# Kurt Thomas is the most underrated Center in the NBA



## PobreDiablo (Feb 23, 2005)

He raped your boy Dalembert, this guy that you guys hype so much, (the defensive minded potential great center) :laugh: It was so awesome, KT took this kid too school


Lol, my boy Kurt is like 32 with no athlesim hops speed, quickness lol but still manages to kick ***

Respect KT's gangsta or he'll school you too



Kurt Thomas offically owns this league


----------



## ToddMacCulloch11 (May 31, 2003)

no.

He is pretty good and doesn't get the credit he deserves sometimes. But he is by no means a star or anything, just a solid player.


----------



## Yinka Dare (Feb 10, 2005)

PobreDiablo said:


> He raped your boy Dalembert, this guy that you guys hype so much, (the defensive minded potential great center) :laugh: It was so awesome, KT took this kid too school
> 
> 
> Lol, my boy Kurt is like 32 with no athlesim hops speed, quickness lol but still manages to kick ***
> ...


thank you ive been trying to tell these guys that for a while now..he is going to be in the hall no doubt about that


----------



## -33- (Aug 6, 2002)

and he's pretty much not a center either....


----------



## MPK (Oct 20, 2002)

Shaq_Diesel said:


> and he's pretty much not a center either....



thats what he'll be playing though for atleast the rest of season...do you think bruno sundov is going to see significant minutes?

the rotation will probably be something along the lines of KT starting at center backed up by rose with sweetney and taylor splitting time at the 4...


----------



## matt! (Feb 21, 2005)

Shaq_Diesel said:


> and he's pretty much not a center either....


Yeah, he only played center the entire time between Camby leaving and Nazr arriving...


----------



## The OUTLAW (Jun 13, 2002)

Yinka Dare said:


> thank you ive been trying to tell these guys that for a while now..he is going to be in the hall no doubt about that


I truly hope you are kidding.


----------



## futuristxen (Jun 26, 2003)

Underrated?

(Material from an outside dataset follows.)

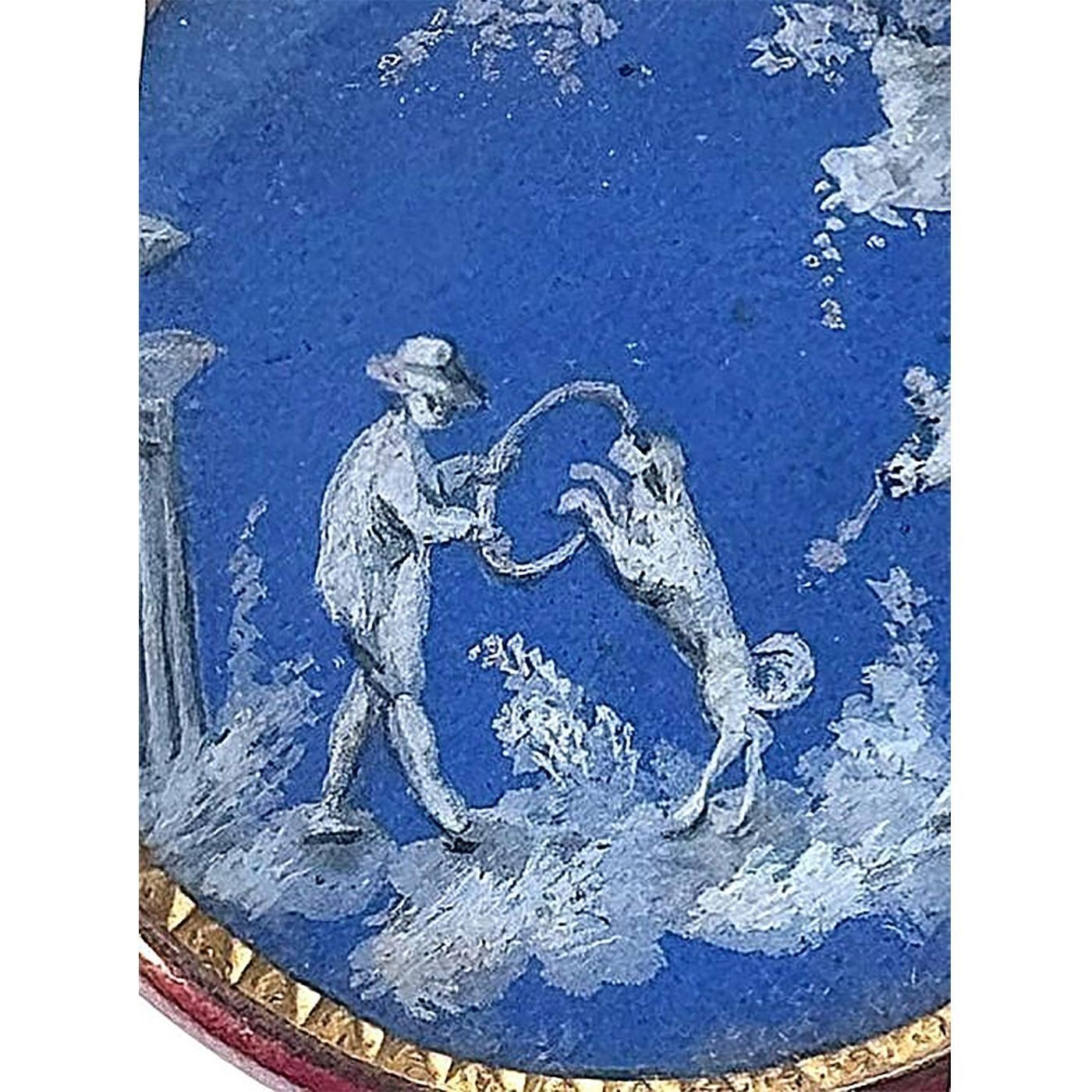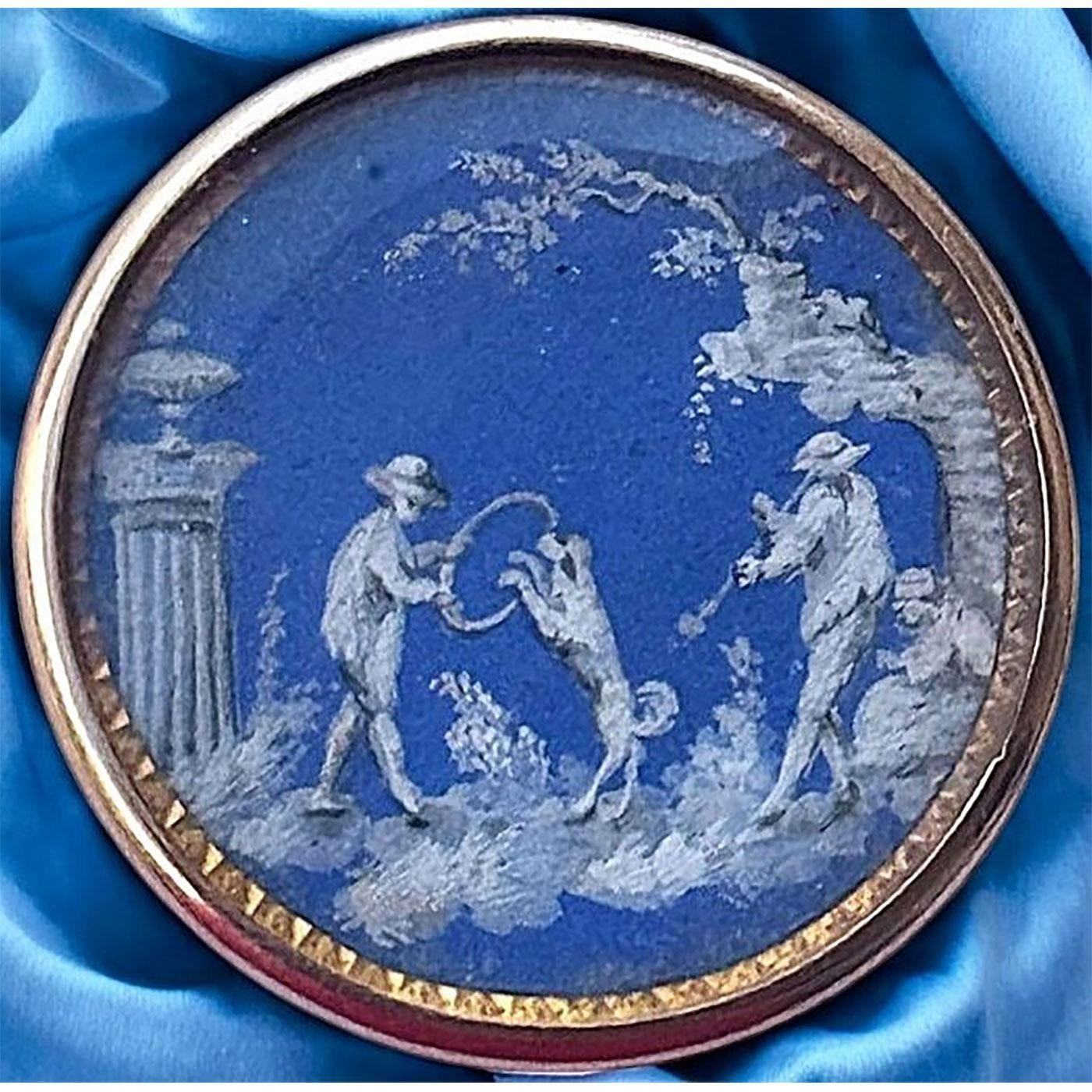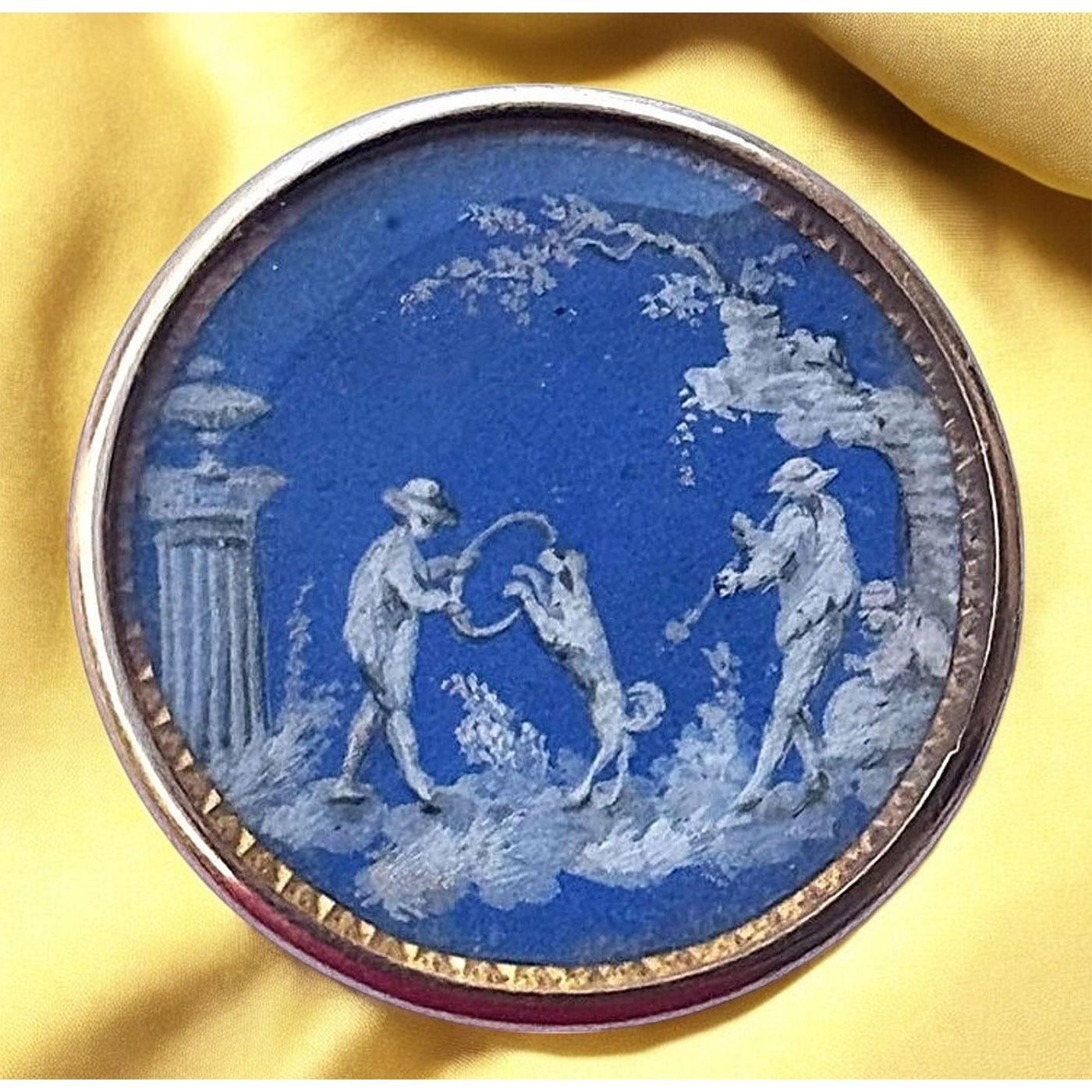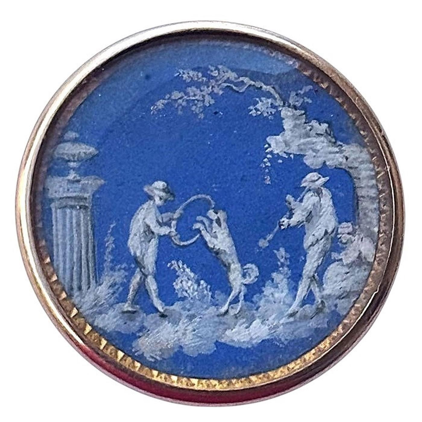 This is a button to not pass by. This incredibly detailed scene is showing a person playing a horn while another person is holding a hoop for the Dog to jump through, and another person laying on a rock watching in anticipation. This beautiful example of 18th century craftsmanship was obviously designed at a time when the Josiah Wedgwood examples were quite popular, as this painting on natural material imitates the coloration and style of Wedgwoods fine work. This example of hand painting is set under a crystal clear shield and set in genuine gold. Notice the border around the scene which is the gold under the scene and is chased to give the scene a beautiful framework. This is truly a remarkable and rare example.The consignor said that the button has been tested to be 18kt gold. We have never seen another example like it or from the set that it most likely would have come from.

All I hear about whenever the Knicks play is Kurt Thomas this, Kurt Thomas that. He's okay, but if he's your starting center, then your team probably sucks balls. And lo and behold, the Knicks suck balls.

They got hot against an undermanned Philly team that went cold. Every dog has it's day, so to say.

And for all of the raping going on, Sam still quietly got 14/15 with 4 steals. Imagine if he had had a good game.


----------



## Pan Mengtu (Jun 18, 2004)

He's the best Thomas, but he's not a center, and he's not anything particularly special. He runs the pick and roll pretty good.


----------



## LuckyAC (Aug 12, 2004)

The most underrated center, the best PG in the league, high-scoring Jamal Crawford... how does New York ever lose a game?


----------



## PobreDiablo (Feb 23, 2005)

LuckyAC said:


> The most underrated center, the best PG in the league, high-scoring Jamal Crawford... how does New York ever lose a game?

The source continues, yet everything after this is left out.